The San Andres Formation in the Permian Basin is not unique but, at 4000‐5500’ depth, leads the way with this new type of horizontal play. There are over 500 laterals producing today making about 40,000 bopd. The laterals are all within the mapped area of the San Andres residual oil zone (ROZ) fairways where numerous non‐commercial wells and dry holes were drilled during the age of vertical drilling. These zones were laterally swept by mother nature but leaving about 30‐45% of the oil behind in the oil‐

wet San Andres formation. Where the lateral sweep was not extensive, the solution gas remains in the oil providing the necessary drive when depressuring. 
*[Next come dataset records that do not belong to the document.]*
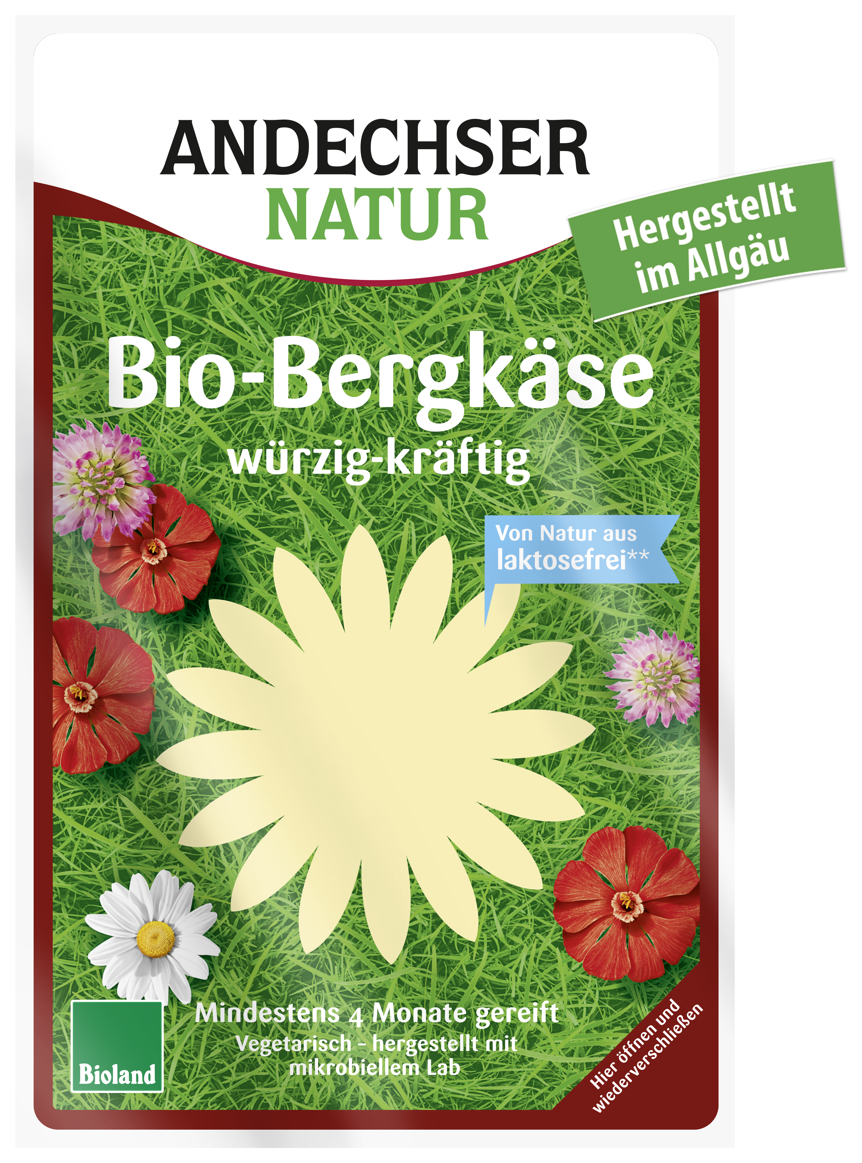 Der ANDECHSER NATUR Bio-Bergkäse mit 50% Fett weist durch die mindestens viermonatige Reifezeit ein besonders würzig-kräftiges Aroma auf und ist von Natur aus laktosefrei.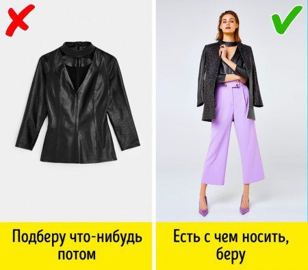 Если вы хотите раз и навсегда забыть о проблемах с вашим гардеробом, главное, что нужно сделать, — перестать выбирать отдельные вещи, а начать мыслить цельными, законченными образами, включая аксессуары. Прежде чем купить какую-то вещь, спросите себя, с чем вы будете ее носить. Если на ум пришло 3–4 варианта, с чем можно ее скомпоновать, только тогда вещь можно покупать.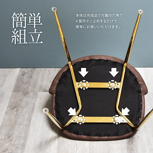 素材:【座面】ウレタン・合板 【生地】PUレザー 【脚/フレーム】スチールパイプ(ゴールドメッキ塗装)

Many of the ROZs beneath the major San Andres oilfields have been studied since the 1990’s as companies tried to quantify the oil saturations and whether the oil could be successfully CO2 flooded like man’s waterflood have been since the 1960s. Examples of 300‐400’ thick ROZs have been studied in this fashion. Research on the ROZ led to successful modeling of the sweep regional process and mapping of the ROZ fairways. Those studies have now been complemented with reservoir data coming from the horizontal laterals and are leading to some exciting discoveries related to the active processes in the ROZ reservoirs what were inhibited and unnoticed in the San Andres main pay zones. Many of those identified processes are related to bio‐geochemistry and owe their effects to naturally occurring anaerobic microbes which are believed now to be responsible for the oil wetting of the dolomites, creating the ubiquitous presence of sour oil and gas, and retaining the high levels of residual oil saturations. 
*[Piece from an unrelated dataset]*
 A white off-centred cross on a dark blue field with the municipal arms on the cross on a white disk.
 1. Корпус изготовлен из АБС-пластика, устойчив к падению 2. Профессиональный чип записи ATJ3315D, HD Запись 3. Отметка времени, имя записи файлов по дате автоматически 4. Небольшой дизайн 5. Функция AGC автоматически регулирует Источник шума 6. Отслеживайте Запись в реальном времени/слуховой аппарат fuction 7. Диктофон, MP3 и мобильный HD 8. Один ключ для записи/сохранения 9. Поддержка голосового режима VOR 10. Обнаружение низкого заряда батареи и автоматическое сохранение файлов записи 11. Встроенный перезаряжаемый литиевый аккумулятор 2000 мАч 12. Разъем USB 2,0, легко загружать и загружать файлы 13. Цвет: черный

With the observations regarding the degree of natural lateral sweep comes some fascinating new hypotheses. Gas‐oil ratios, viscosity, and solution gas composition all seem to correlate with the degree of lateral sweep. New industry advances such as mass spectrometry mud logging, measurements‐while‐drilling (MWD), through pipe logging, and Pason© data all can be used to assess the reservoir and oil properties throughout the lateral. Examples of transmissive vertical fractures have been found and some even displaying evidence of hydraulic connection to the crustal rocks. These transmissive fractures allow a dynamic flow path for water and oil and dissolved crustal chemicals and intensify the same processes identified in the ROZ intervals. Sulfur present in the anhydrite, Organo‐sulfides, and/or iron sulfide minerals in the reservoir rock provide the energy for the microbes to do their work which include releasing of H2S into the fluids. The occasional sour oil well in the shales is now believed to owe its presence to the microbial activity freed from its own inhibitory processes to work in the hydrodynamic environment. 
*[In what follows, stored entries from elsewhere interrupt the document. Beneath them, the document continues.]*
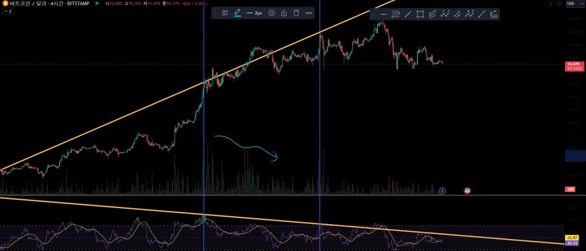 차트는 상승했지만 rsi는 하락, 거래량도 하락인걸 보아 하락으로 추세가 변환될 수 있다는 걸 암시하는 것 같습니다.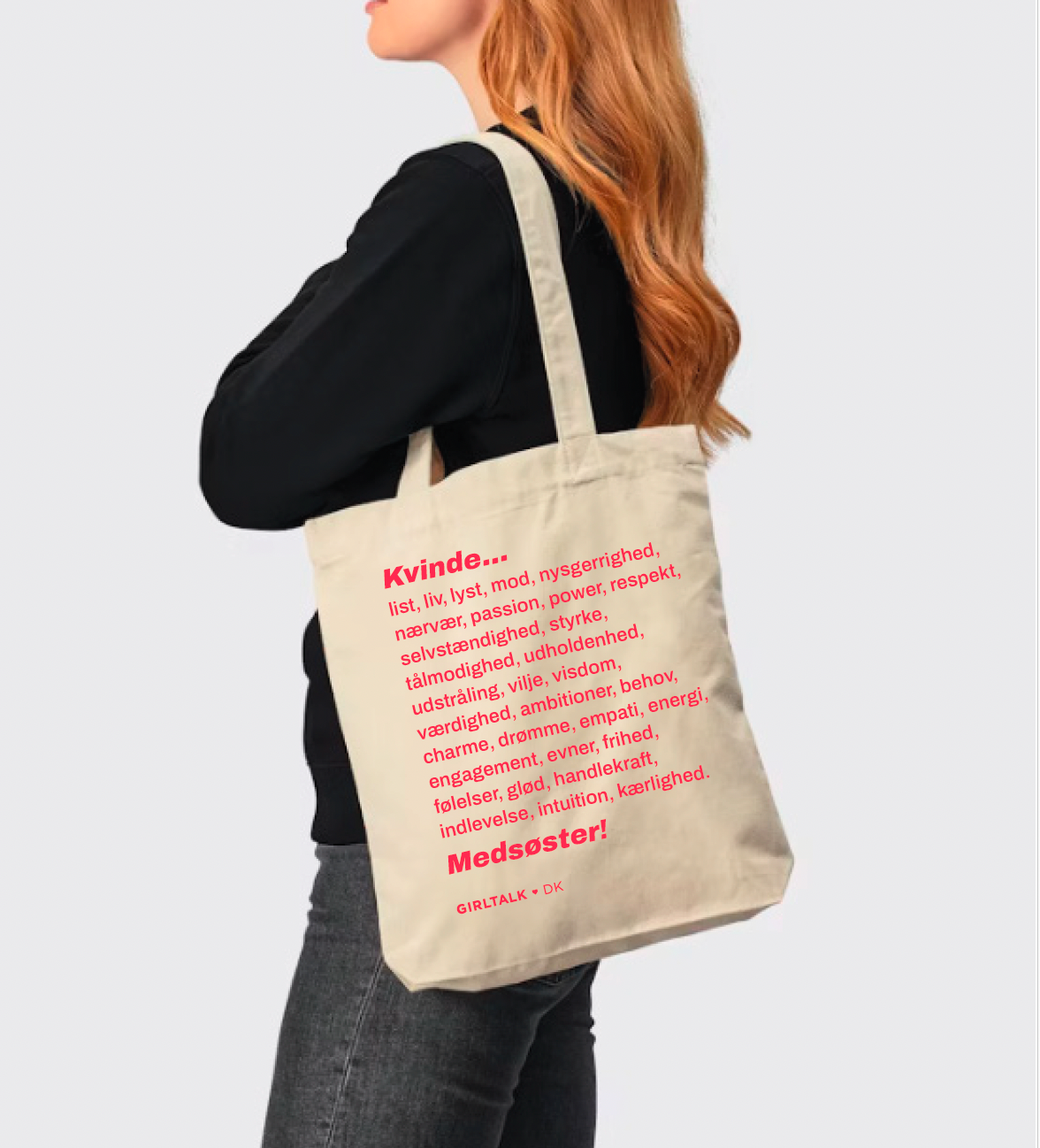 I anledning af Kvindernes Kampdag har vi skabt denne mulepose – en påmindelse om, at vi som medsøstre løfter hinanden. Ved at købe den støtter du GirlTalks arbejde for bedre trivsel blandt piger og unge kvinder.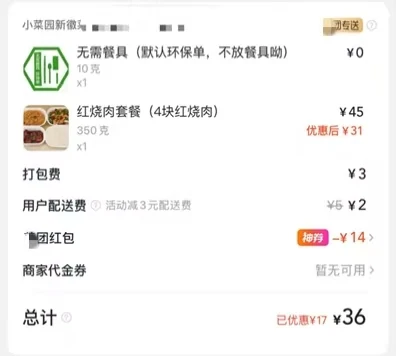 某团订单:套餐45元 + 打包费3元 + 配送费2元 - 神券14元 = 实付36元。预计送达:12:05。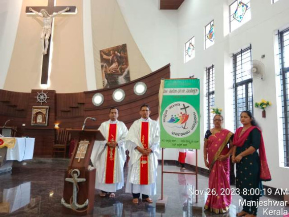 Simultaneously, all churches across the Mangalore diocese participated in the inauguration, unveiling the Jubilee logo, reciting dedicated prayers, and singing the Jubilee Song. Parish Priests across these churches elucidated the significance of the Logo and its symbolism to the congregations. Additionally, congregants were treated to a short video message from Bishop Peter Paul Saldanha regarding the Jubilee 2025.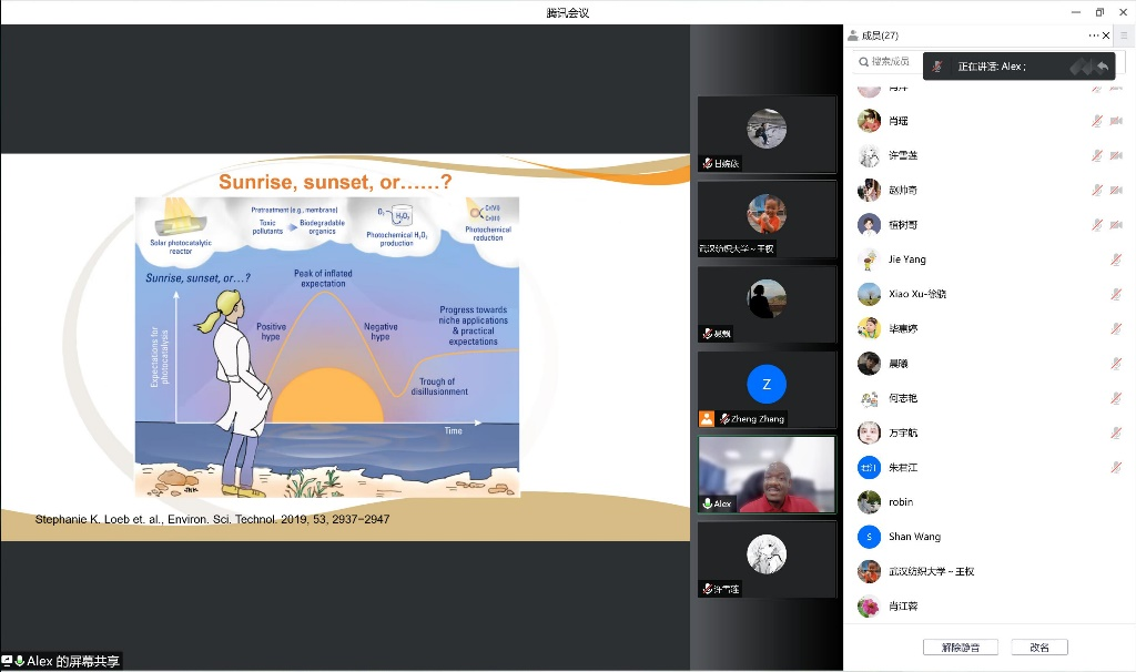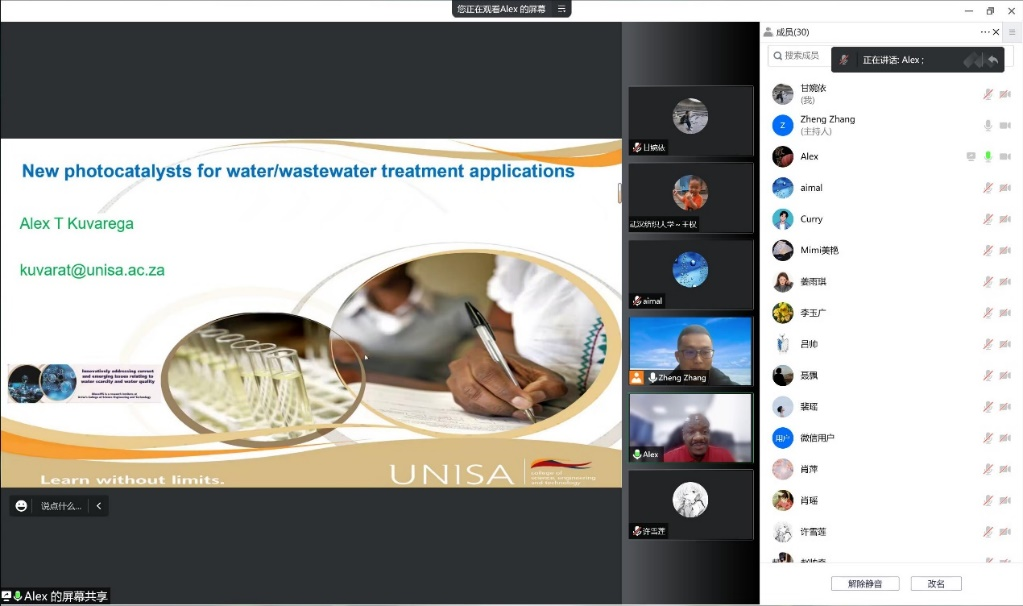 On December 6th, the 289th Sunshine Forum was held online by the School of Chemistry and Chemical Engineering. Prof. Alex Kuvarega from University of South Africa was invited to give an academic report entitled "New photocatalysts for water/wastewater treatment applications", which was chaired by Dr. Zheng Zhang. The faculty members, graduate and undergraduate representatives participated in the discussion.

Of very high potential value would be a tool to find those transmissive fractures. A horizontal well case history in Andrews/Gaines county region of the Permian Basin San Andres carbonate shelf illustrates the convergence of several diagnostic measurements to illustrate the presence of a 6’ wide, rubble‐filled vertical fracture that resulted in very high water cuts, low produced water salinity and suppressed oil gravity. The observations made using insights gained in the carbonates are just now being projected to the shale reservoirs to explain anomalously high water cuts and the presence of sour oil. Is locating local, short‐circuiting pathways of injection water to the crustal rocks yet another of the applications of these new insights?